A series of black dots proceeds from left to right. The dots are labeled as the elements of an ensemble dimension. Black arrows, labeled as "Reference indices", point to a few elements along the dimension. A blue arrow proceeds from the end of each black arrow. These blue arrows, labeled as "mean indices", point to several data elements after each black arrow. There is a blue box around each set of data elements. The same blue arrow is applied to each black arrow.

Figure 6: Mean indices modify the reference indices of an ensemble dimension. The offset indices point to the data elements that should be used in a mean for each ensemble member.

Returning to the example figures, let’s say I want the state vector to implement a June-July-August seasonal mean, rather than a sequence. In this case, the desired state vector ensemble would resemble the following:

A matrix representing an ensemble is divided into 5 columns. Each column is labeled with time metadata. The metadata for each column indicates a June-July-August seasonal mean from a random year in the Common Era.

Figure 7: A variable with a June, July, August seasonal mean.

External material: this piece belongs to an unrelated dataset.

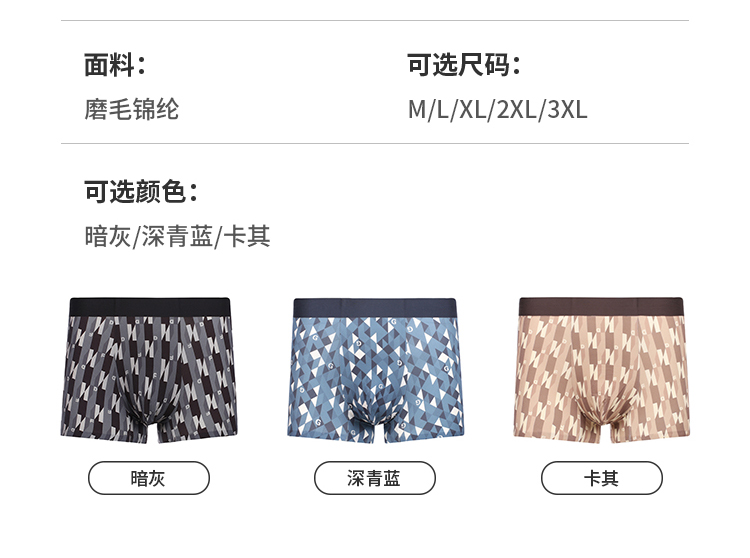 都市丽人都市锋尚内裤潮流时尚平角裤磨毛锦纶男士内裤FKTHC8

Since the reference indices point to individual June months, the mean indices should indicate the offsets between each June reference point, and the associated June, July, and August included in the mean. Since each June is the reference point, the offset for June (along the time dimension) is 0. Since each July occurs one time step after its associated June, the offset for July is 1. Similarly, the offset for August in 2. This gives our mean indices:

meanIndices = [0 1 2];

Using these mean indices, each ensemble member will implement a mean over the associated three elements:

The top of the figure is labeled as year X. The figure displays 12 months of the year. A black arrow labeled as "Reference index" points to June. A blue +0 leads to a blue box around June. A blue +1 leads to a blue box around July. A blue +2 leads to a red box around August. The three blue numbers are labeled as mean indices.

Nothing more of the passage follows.